According to an answer here https://mathoverflow.net/questions/25993/sets-with-positive-lebesgue-measure-boundary, if we construct a 'fat' Cantor set by removing the middle open interval of length $\frac{1}{4}$ from $[0,1]$, then removing the $2$ middle length $\frac{1}{4^2}$ open intervals from the remaining intervals, and so on (so that the end result is a Cantor set with measure $\frac{1}{2}$), then the sets:
$$U = \bigcup \{ \text{open intervals removed on odd-numbered steps} \}$$
$$V = \bigcup \{ \text{open intervals removed on even-numbered steps} \}$$
have the fat Cantor set as their common boundary.

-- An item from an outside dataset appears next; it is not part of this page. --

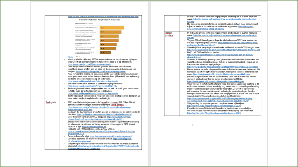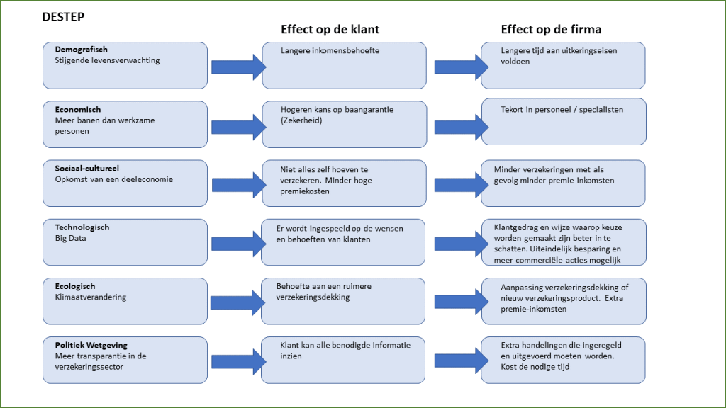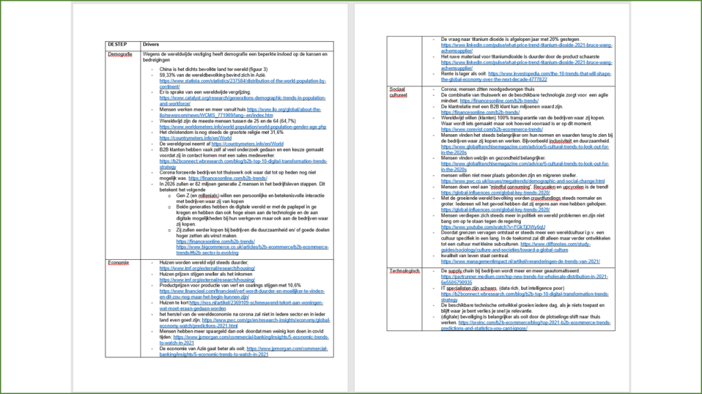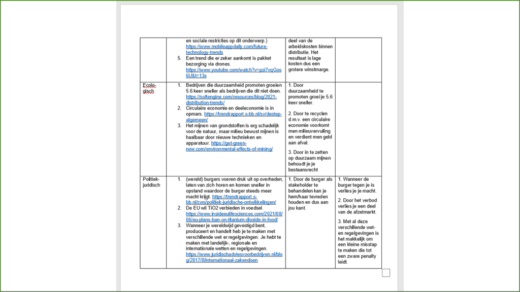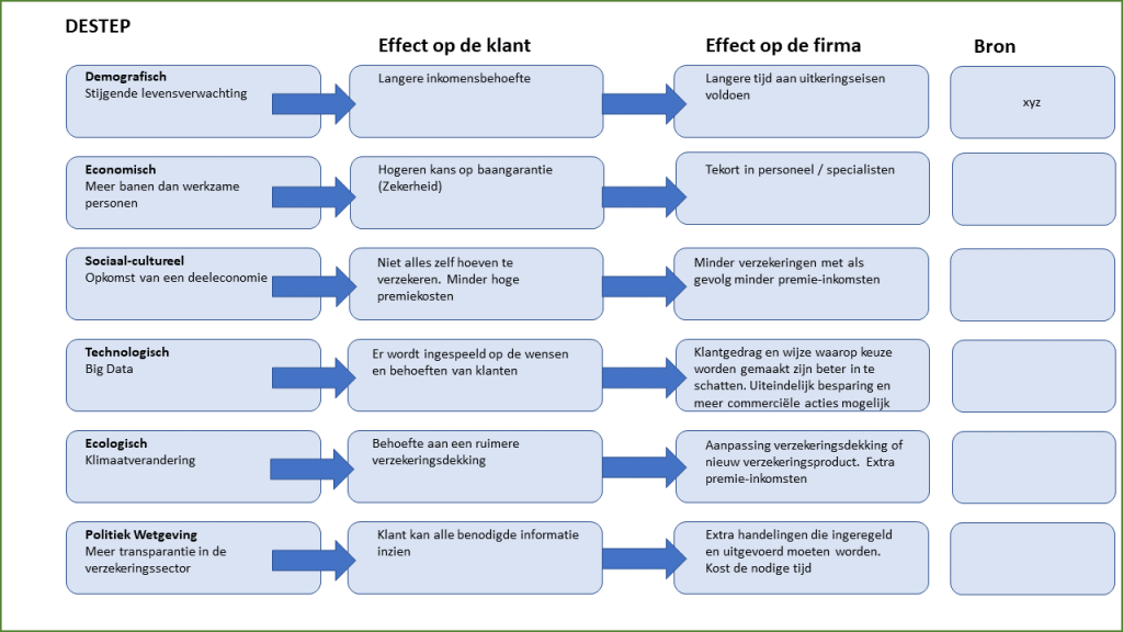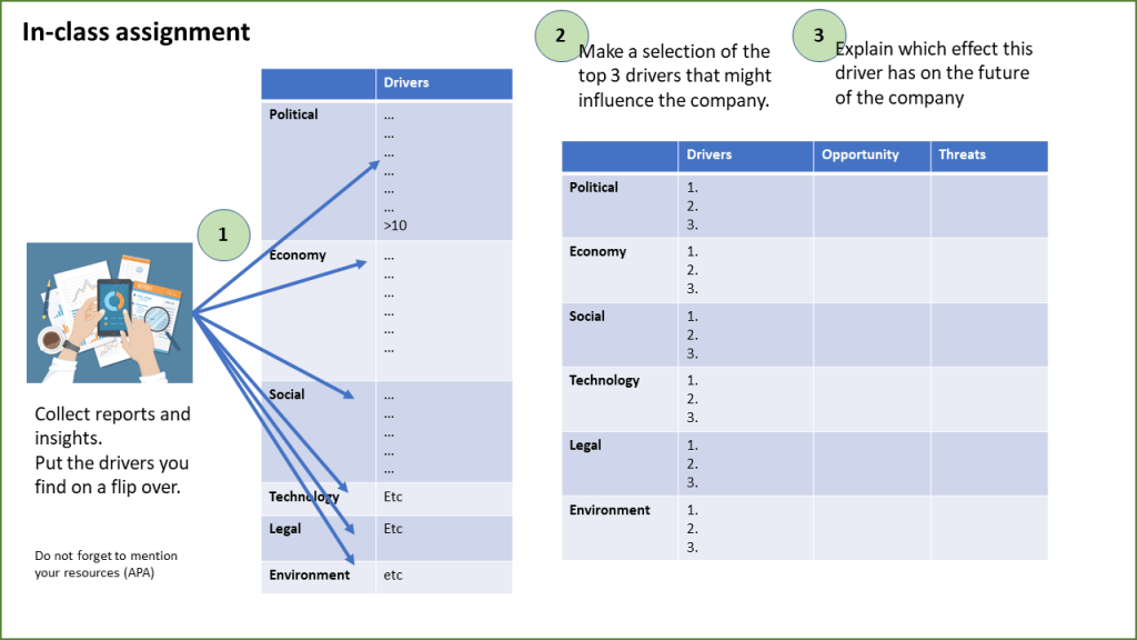 De bekende letters om je externe analyse te doen. Je loopt de letters af, zoekt er drivers in, bedenkt welke effecten het op de firma kan hebben en wie de meeste impact heeft. Makkelijk te zeggen maar een berg met werk. Probeer je er niet snel, snel vanaf te maken.

I fail to see this, can anyone please give me a hint?
Best Answer
This has nothing to do with the Cantor set being fat. Your Cantor set $C$ is the nested intersection $C= \bigcap_{n=0}^{\infty}C_n$ of sets of the form $$C_n=I_{n,1}\cup\dots\cup I_{n,k_n}\text{,}$$
where $I_{n,j}$ are disjoint closed intervals.
Furthermore, each point in the Cantor set is a nested intersection of some of these intervals.

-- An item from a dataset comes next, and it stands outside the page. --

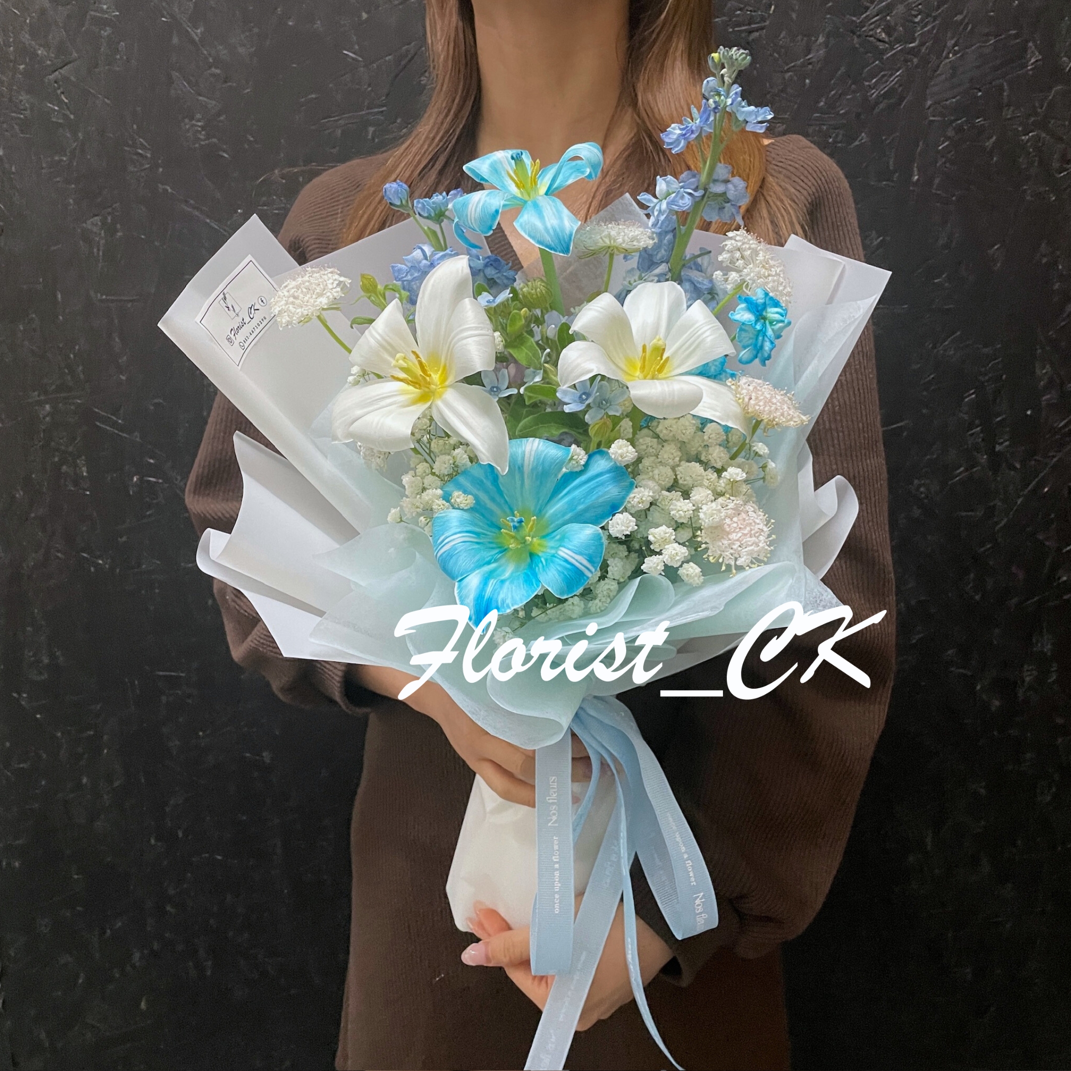 唯有懂得欣賞變化,才懂得珍惜獨一無二的愛。 此款的 鬱金香 由 我們自家手工 染製,💙💙每枝花皆呈現獨一無二的自然層次。由於手工染色的特性,花瓣會隨時間與吸水變化,產生細膩的深淺色差,這正是手工染花的迷人之處。 🌹選用進口鬱金香 為保證品質與新鮮度,每束花均需提前預訂。請於收貨日前至少 5 日下單,以便我們為您預訂最優質的花材。 💡所有圖片只供參考,每束花都是獨一無二的作品,因花材供應、季節和開花狀態而有所差異。我們的花藝師會根據情況調整設計,確保為您提供既精美又符合主題的花束。即便花材略有不同,您收到的花束仍會保持與圖片相近的品質與美感。(完美主義的客人,請慎重考慮才付款預訂) **鮮花價格因季節及旺季(如畢業禮、母親節、情人節、聖誕節、農曆新年前夕)而浮動,最終價格以訂單確認時網站所列為準。敬請客人在落單前預約交收/送貨時間,以減少價格變動可能。如有未確認訂單需調整價格,我們會先與客人溝通。 花束 (畢業、生日、感謝、紀念日等) 💟 帶有字句的心意卡或插牌 (款式隨機送出),挺身花袋 📣 請提前 5 日預訂,如急單請按右下角 Whatsapp 我們查詢 (不接來電) ✅ 如需代寫心意卡請備註,否則我們會為客人選擇合適的卡片。 -------------------------------- 花束附有保濕水袋,無需拆包可存放約 2-3 天。若拆包放入花瓶,請每天換水並斜剪花莖,可延長花期至 4-7 天。如欲了解更多如何護理鮮花花束的資訊,請查閱下面花朵保存 Tips 部份。

In the construction of the Cantor set, every one of these closed intervals is eventually punctured many times by intervals from $U$ and $V$, and thus each interval $I_{n,j}$ intersects both $U$ and $V$.
Since each point in $C$ is a nested intersection of smaller and smaller intervals that touch both $U$ and $V$, we get $C\subseteq \bar{U}$, $C\subseteq \bar{V}$. Since $C\cap U=\emptyset = C\cap V$, we have $C\subseteq \partial U$ and $C\subseteq \partial V$.
On the other hand, since $U$ and $V$ are open and disjoint from each other, we must have $\partial U\subseteq C$ and $\partial V \subseteq C$.